» TASK DIRECTIONS: What you should give back is a precise copy of the lines below from the one containing "Fashion Retro Suede" through the one containing "Yellow Pure Silk Tissue Booti Suit", with no pictures.

══════

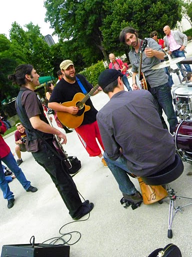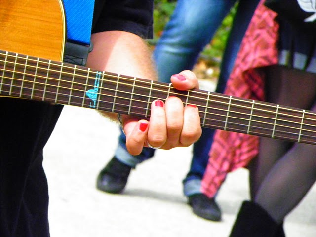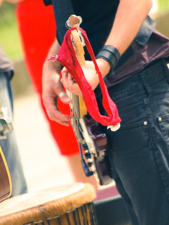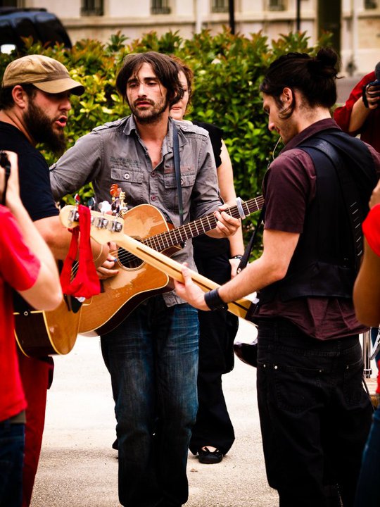 L’article 431-9 du code pénal dispose qu’une peine de 6 mois d’emprisonnement et de 7 500 euros d’amende punit le fait d’organiser une manifestation sur la voie publique qui n’a pas fait l’objet d’un déclaration préalable dans les conditions fixées par la loi… Mais, on ne peut définitivement pas être rock’n’roll et respecter scrupuleusement les règles de respect à l’ordre public, vous en conviendrez. Et, justement, les rockeurs eux-n’aiment pas respecter les règles, alors quand June Hill débarque à Paris, au diable le protocole : ils donnent rendez-vous à quelques amis, fans ou curieux à Montparnasse pour y improviser une sorte de petit concert sauvage acoustique… Dress code obligatoire : du rouge dans la tenue. Résultat : Thomas maquille ses ongles d’un beau vernis rouge à faire pâlir les fashonistas, quant à Jêrome, il accroché de la jolie dentelle rouge sexy à sa guitare : ROCK on t’a dit !
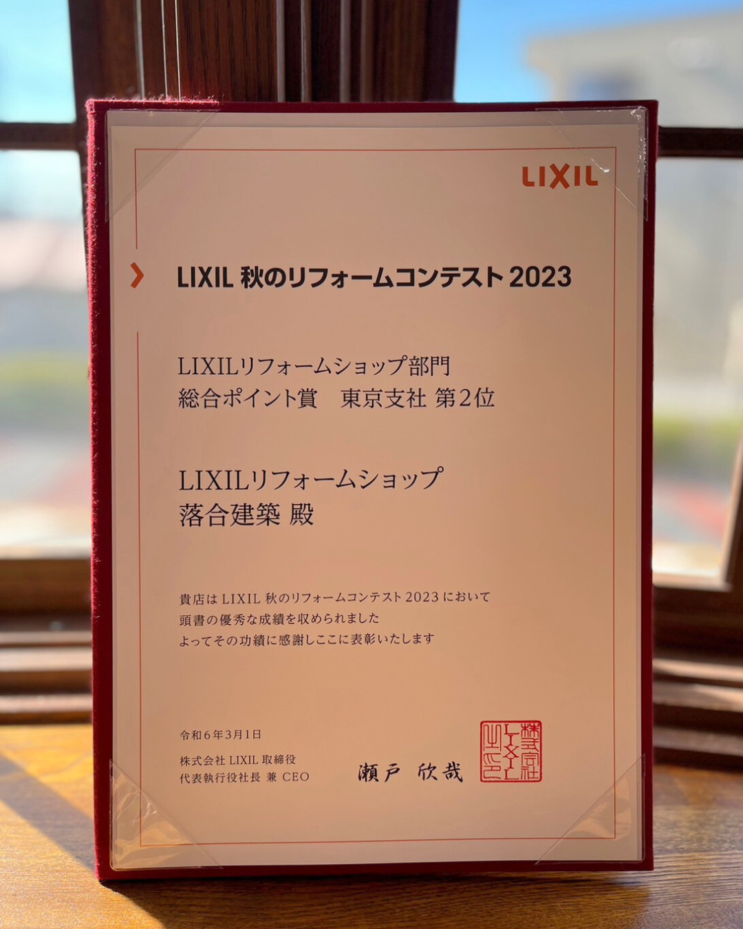 LIXIL秋のリフォームコンテスト2023 LIXILリフォームショップ部門にて
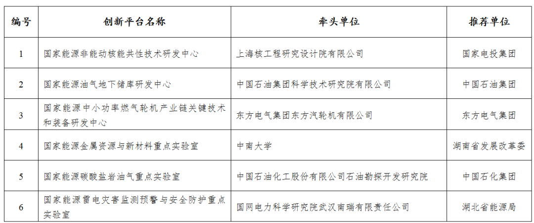 “十四五”第一批国家能源研发创新平台名单(公示稿)
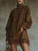 Fashion Retro Suede Tassel Mini Dress High Neck Long Sleeve Pockets Fringe Hem Dress Army Green Brown Autumn Party Dress
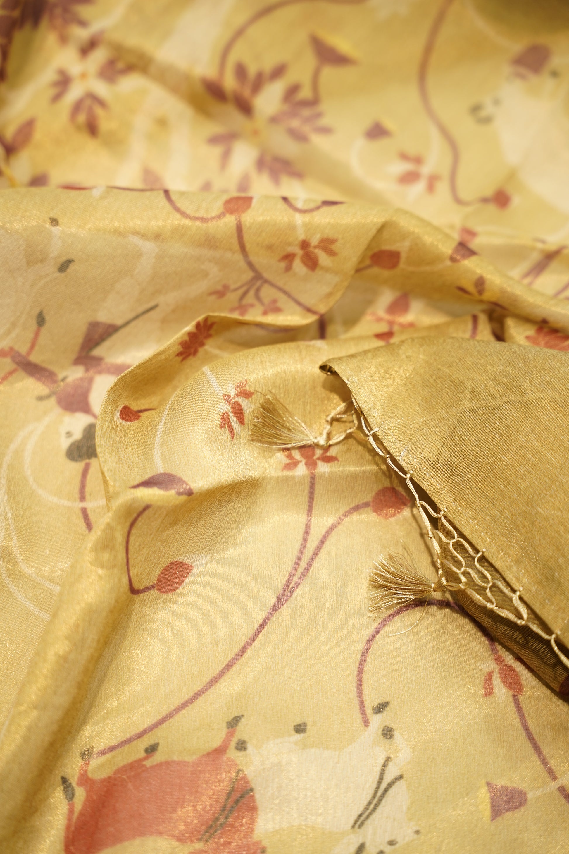 Yellow Pure Silk Tissue Booti Suit
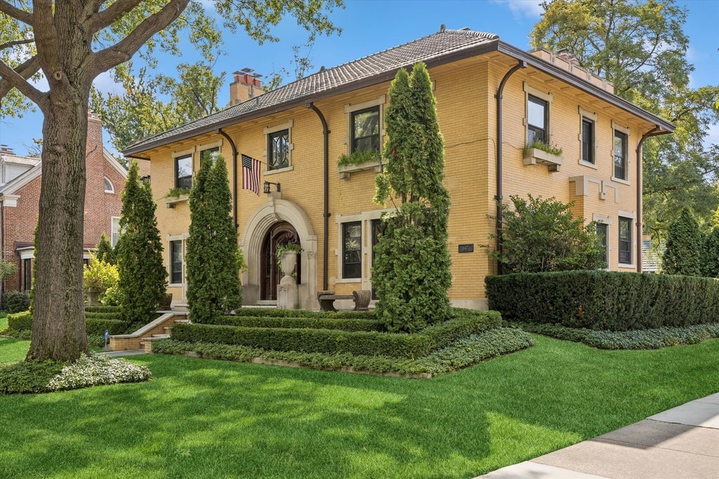 Built in 1924, the Charles Castle House is one of Oak Park's most admired homes. Beautifully renovated while preserving the exquisite architectural detail of its Italian Renaissance Revival style, this home impresses at every turn. The resort-style outdoor space, replete with a newer in-ground pool, is reminiscent of a Tuscan villa, yet is situated in the heart of Oak Park's renowned Frank Lloyd Wright Historic District. With over 5000 square feet of living space, the home features 5 en-suite bedrooms and 5 1/2 baths. Step inside the grand foyer with its original ceiling mural and take it all in. Gracious living and dining rooms, a charming Florida room, and a custom gourmet kitchen with high-end appliances and adjacent breakfast/game room provide the setting for elegant, yet comfortable living. Ascend to the second floor to find a split floor plan with a 4-room primary suite including sleeping quarters, a spa-like marble bath with steam shower, a huge dressing room with dual walk-in closets, and a relaxing sunroom overlooking the home's magnificent grounds. Three additional ensuite bedrooms round out the second floor. The third floor houses a private guest suite with newer full bath. On the lower level you'l find a huge rec room, office, workout room, full bath and more. Some of the many remarkable features of this home include: buried fiber optic cable, a reverse osmosis drinking water system, whole-house backup generator, overhead sewers and ejector pump, irrigation and drainage systems, zoned AC, and 200 amp electrical service. Within walking distance of shopping, dining, schools and transportation--and just 25 minutes to the loop, O'Hare and Midway, 647 Linden Ave is truly a must-see for the discerning buyer.
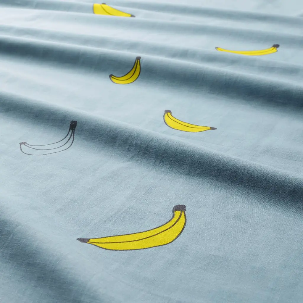 Симпатичное постельное белье с орнаментом из бананов на голубом фоне. Ткань изготовлена и смести хлопка и вискозы и поддерживает ровную приятную температуру в постели, чтобы ваш ребенок просыпался хорошо отдохнувшим.
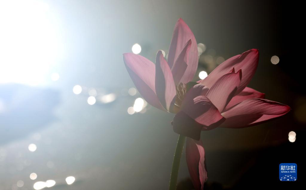 8月27日在河北省滄州市“百獅園”的荷塘里拍攝的荷花。
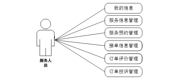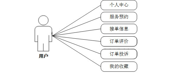 (3)用户关键功能包含个人中心、服务预约、接单信息、订单评价、订单投诉、我的收藏等进行管理。用户用例如下:
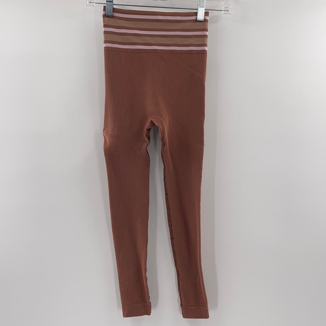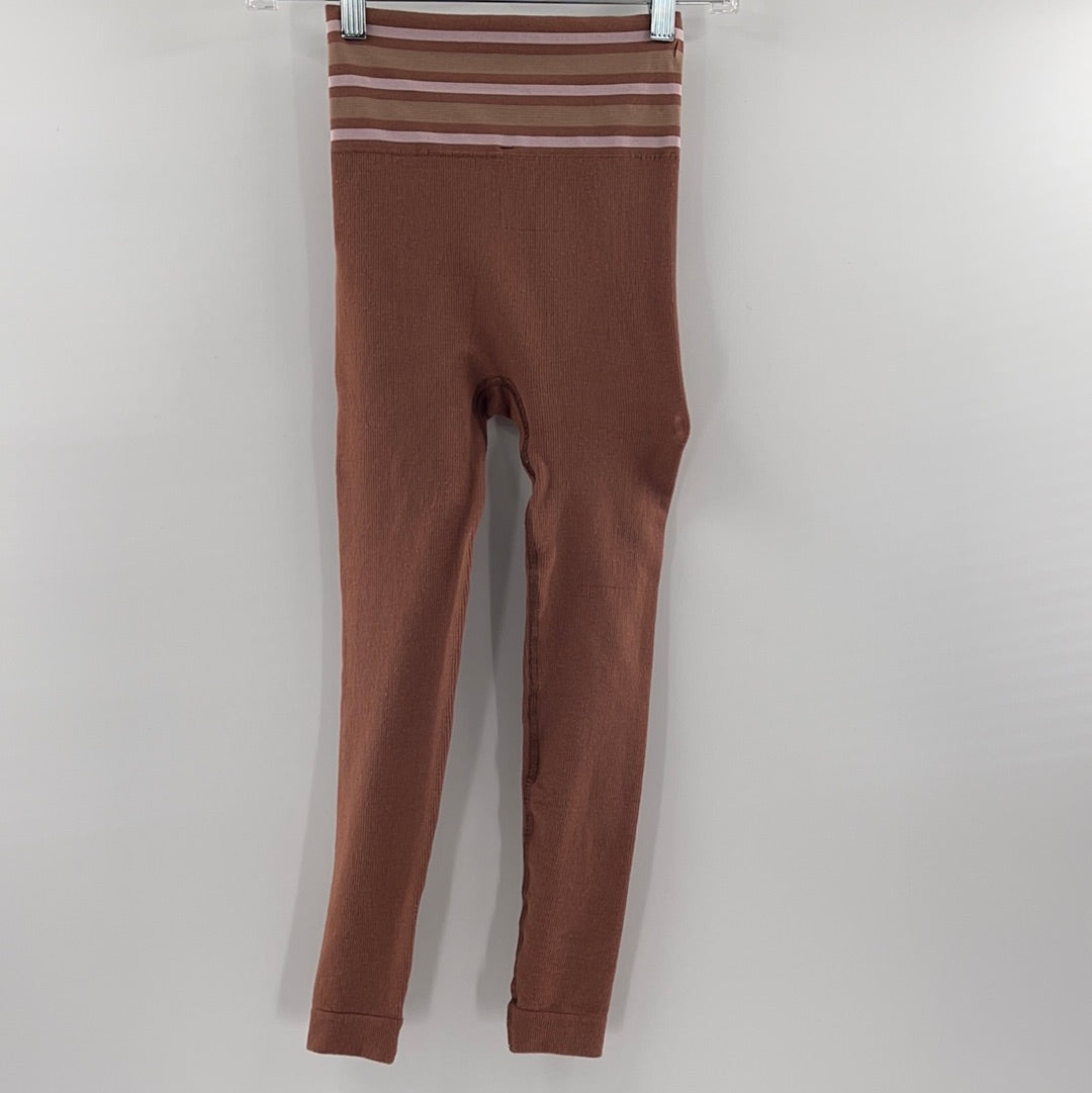 Urban Outfitters Out from Under brown ribbed leggings with multicolored striped waist band (XS)

══════

» SOLUTION TO THIS TASK:
 Fashion Retro Suede Tassel Mini Dress High Neck Long Sleeve Pockets Fringe Hem Dress Army Green Brown Autumn Party Dress
 Yellow Pure Silk Tissue Booti Suit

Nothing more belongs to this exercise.